There are companies right now raising rounds on the strength of “we own our compute,” and that alone is not a defensible position. A competitor with a credit card and an API key can match you in a week.
The moat is never the hardware. The moat is what the hardware lets you build that others cannot easily copy:
- A model trained on data nobody else can legally or practically get
- A cost per request so low that you can serve customers your venture-funded competitors cannot serve profitably
- Speed or reliability that becomes a feature your customer cannot get from a generic API
- A regulatory position (EU data residency, healthcare compliance, defense clearance) where the architecture is the qualification
Hardware could be a requirement for these moats. A data moat does not necessarily need owned hardware. A cost moat almost certainly does.
For most SaaS companies, the real leverage point isn’t hardware. It’s data. Specifically: data the company already has through its product, that competitors cannot legally or practically obtain. Building AI features on top of that data is the difference between adding a feature anyone can copy and creating something that gets harder to replicate every month it runs. This is the work my team at Wise Minds does with SaaS scale-ups: turning existing data and workflows into AI features that compound. If your product has real users and real data and you’re feeling pressure to “do something with AI,” the first question is not which model to use. It’s which part of your data nobody else has, and what AI feature would not exist without it.
Why this matters more in Europe
The compute scarcity story is global. A founder in San Francisco faces the same lead times as a founder in Berlin.
What’s specifically European is the sovereignty layer on top.
If your European startup processes EU customer data through a model hosted by a US provider, on chips whose export is controlled by US policy, you have three points of foreign control in your stack before you even open the GDPR conversation. The European Commission is funding a network of AI Gigafactories, with each planned to host around 100,000 state-of-the-art AI chips. The largest US AI labs are operating at orders of magnitude more compute than this combined. The gap matters less for any specific startup than what it signals: Europe is competing for compute capacity it does not yet have, with suppliers it does not control.

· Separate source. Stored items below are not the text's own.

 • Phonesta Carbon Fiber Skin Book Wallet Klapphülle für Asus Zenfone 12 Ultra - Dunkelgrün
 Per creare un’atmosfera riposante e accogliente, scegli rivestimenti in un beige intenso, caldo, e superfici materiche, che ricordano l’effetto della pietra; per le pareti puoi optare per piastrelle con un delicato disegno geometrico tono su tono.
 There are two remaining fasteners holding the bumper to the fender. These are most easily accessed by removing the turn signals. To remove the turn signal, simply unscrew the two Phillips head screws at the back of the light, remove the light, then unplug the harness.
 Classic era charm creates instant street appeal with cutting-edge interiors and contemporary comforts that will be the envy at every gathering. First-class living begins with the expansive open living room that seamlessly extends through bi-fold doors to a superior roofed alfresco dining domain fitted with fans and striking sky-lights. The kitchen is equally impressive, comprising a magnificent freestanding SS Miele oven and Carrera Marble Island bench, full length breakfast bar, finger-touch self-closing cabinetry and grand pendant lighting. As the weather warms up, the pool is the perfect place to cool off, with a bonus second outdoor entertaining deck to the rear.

For European founders, this is not abstract. It is the difference between winning a regulated enterprise customer and getting a polite “no” because the architecture cannot pass their compliance review.

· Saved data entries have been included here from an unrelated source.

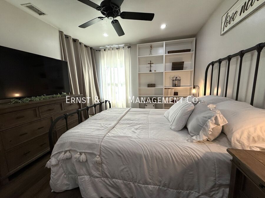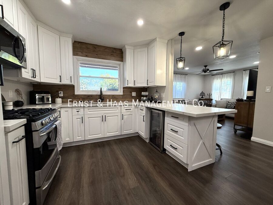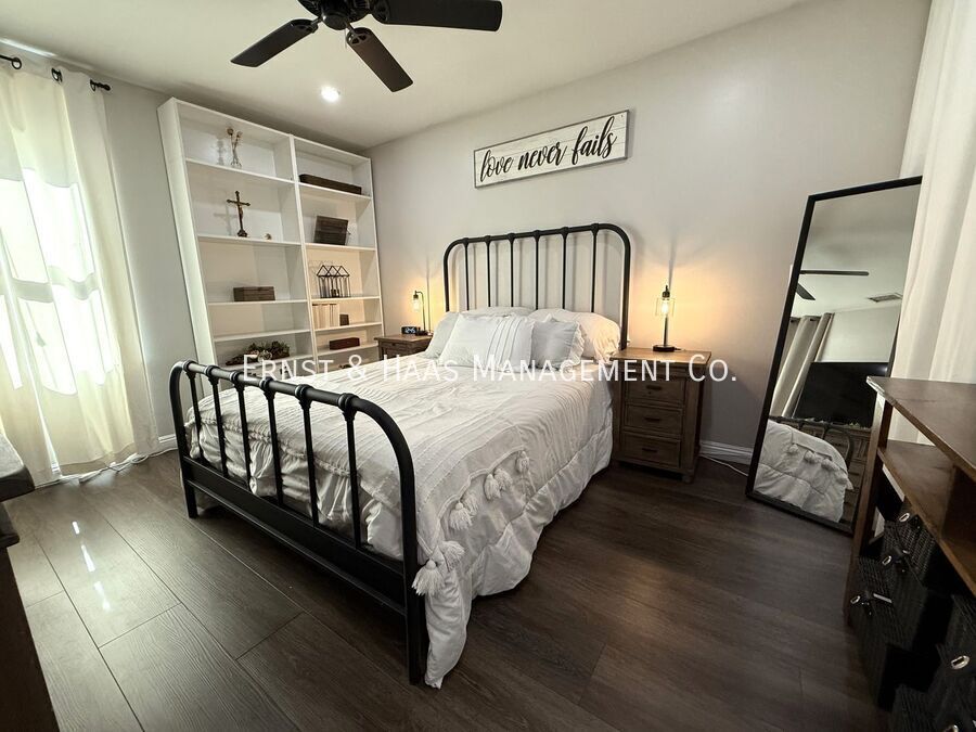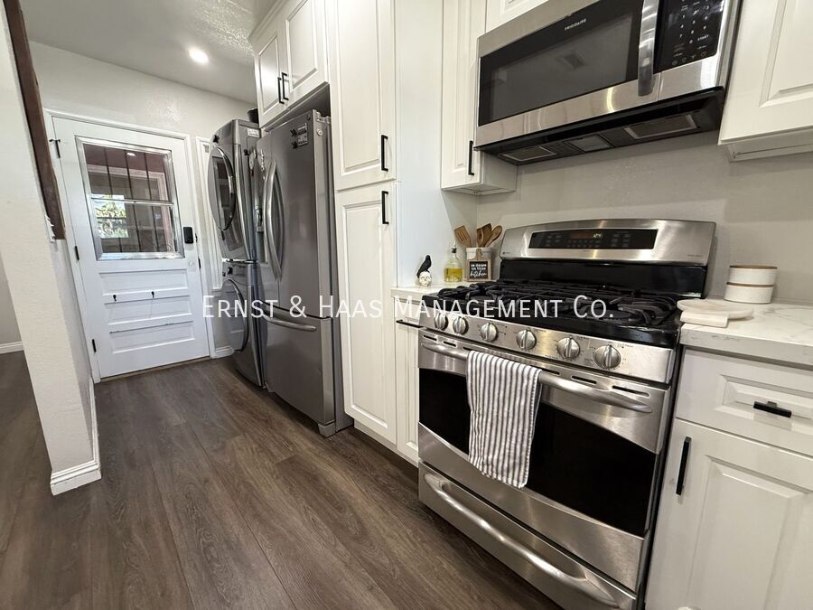 This recently remodeled front home offers modern style, comfort, and convenience. Enjoy a lush green lawn with an automatic sprinkler system and a private covered patio, perfect for relaxing or entertaining. The property also features a shared backyard and a finished one-car garage with A/C, ideal for use as an office, studio, or man cave. Inside, you'll find fresh paint, luxury tile flooring throughout, and a bright, open layout. The kitchen showcases quartz countertops and comes equipped with stainless steel appliances, including a stove, microwave, and wine cooler. A washer and dryer are also included for your convenience. Additional highlights include new windows, a new central heating and air unit with a smart thermostat, and a large driveway. All utilities and gardening service are included, making this a truly hassle-free home. Move-In Special is first two weeks of December free! For more information, or to schedule a viewing for this property, please call or text Lorenzo at , or visit us online at
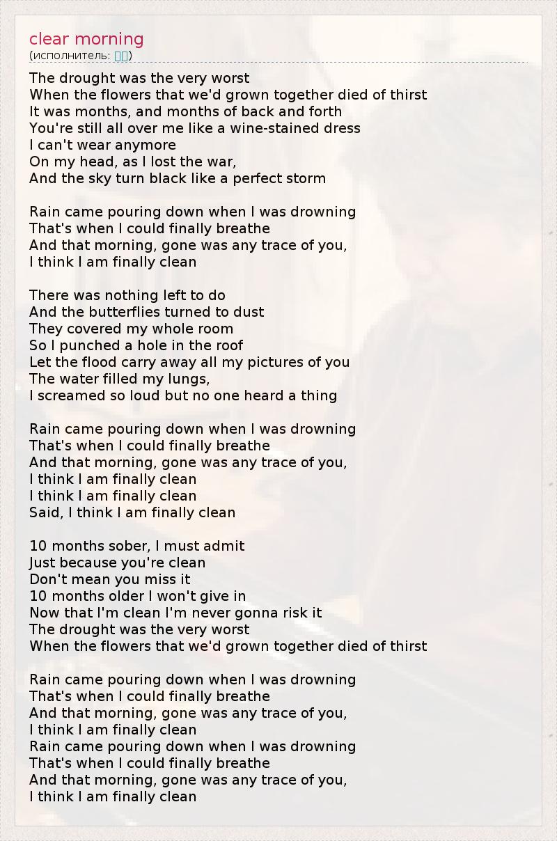 А как ты думаешь, о чем песня "clear morning" ?
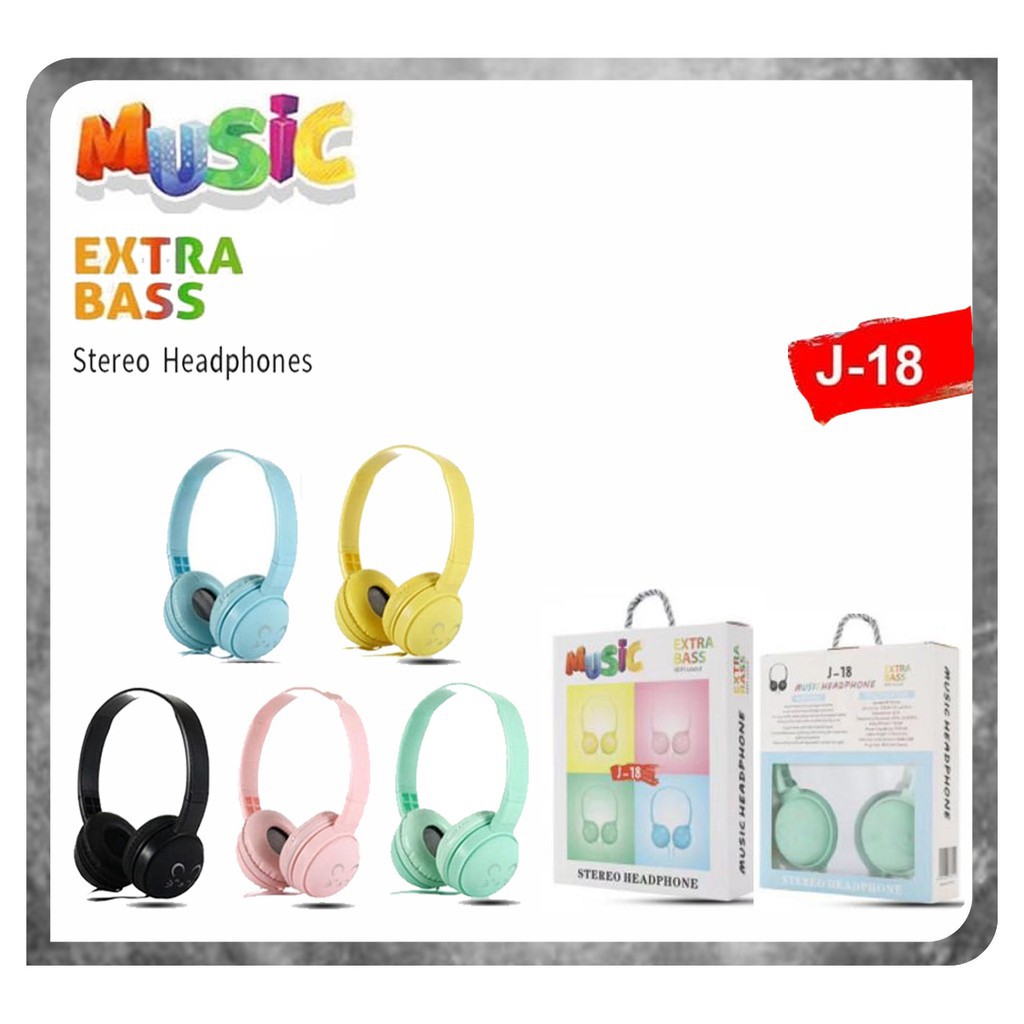 Headphone Macaron J18 Extra Bass Headset Gaming Cartoon Desain Lucu Suara Jernih

The new diligence question
This is supplier power. Porter wrote about it decades ago. When suppliers are concentrated, when their inputs are critical, when switching is hard, when they can step into your market and become your competitor, margins compress and strategy gets dictated from outside the building.
That is the AI stack right now. A handful of model providers. A handful of cloud providers. One dominant chip vendor. OpenAI launching Custom GPTs is the textbook case of a supplier stepping into its customers’ market.

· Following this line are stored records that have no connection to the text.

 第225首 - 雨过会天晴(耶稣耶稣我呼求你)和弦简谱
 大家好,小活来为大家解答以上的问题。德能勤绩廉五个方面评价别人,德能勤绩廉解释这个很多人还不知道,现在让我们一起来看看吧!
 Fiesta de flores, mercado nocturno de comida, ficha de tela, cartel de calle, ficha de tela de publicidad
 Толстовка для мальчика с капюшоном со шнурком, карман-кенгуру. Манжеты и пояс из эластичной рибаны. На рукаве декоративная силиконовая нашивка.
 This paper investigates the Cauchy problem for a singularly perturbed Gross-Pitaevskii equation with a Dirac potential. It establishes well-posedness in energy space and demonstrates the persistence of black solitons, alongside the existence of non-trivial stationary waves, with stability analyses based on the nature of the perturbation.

The diligence question is just supplier power, named honestly:
What happens to this company if the platform it depends on changes the rules?
If the answer is “we’d be in serious trouble within 90 days,” you are looking at a wrapper, no matter which layer it sits on.
For founders, the same question, asked of yourself:
- List every outside dependency in your stack: model provider, compute, hosting, distribution, data access.
- For each one, write: “If [dependency] doubled their price tomorrow, we would…”
- For each one, write: “If [dependency] launched a competing product tomorrow, we would…”
- The answers without good responses are not risks. They are timers.
In short
The same thing that made these companies possible (cheap, accessible intelligence sitting one API call away) is what made them disposable. The companies still standing in 2028 will be the ones who used the wrapper era to build something the supplier cannot copy and cannot undercut.
The investors who figure that out first will rewrite their thesis in the next two quarters. The founders who figure it out first will still have a company.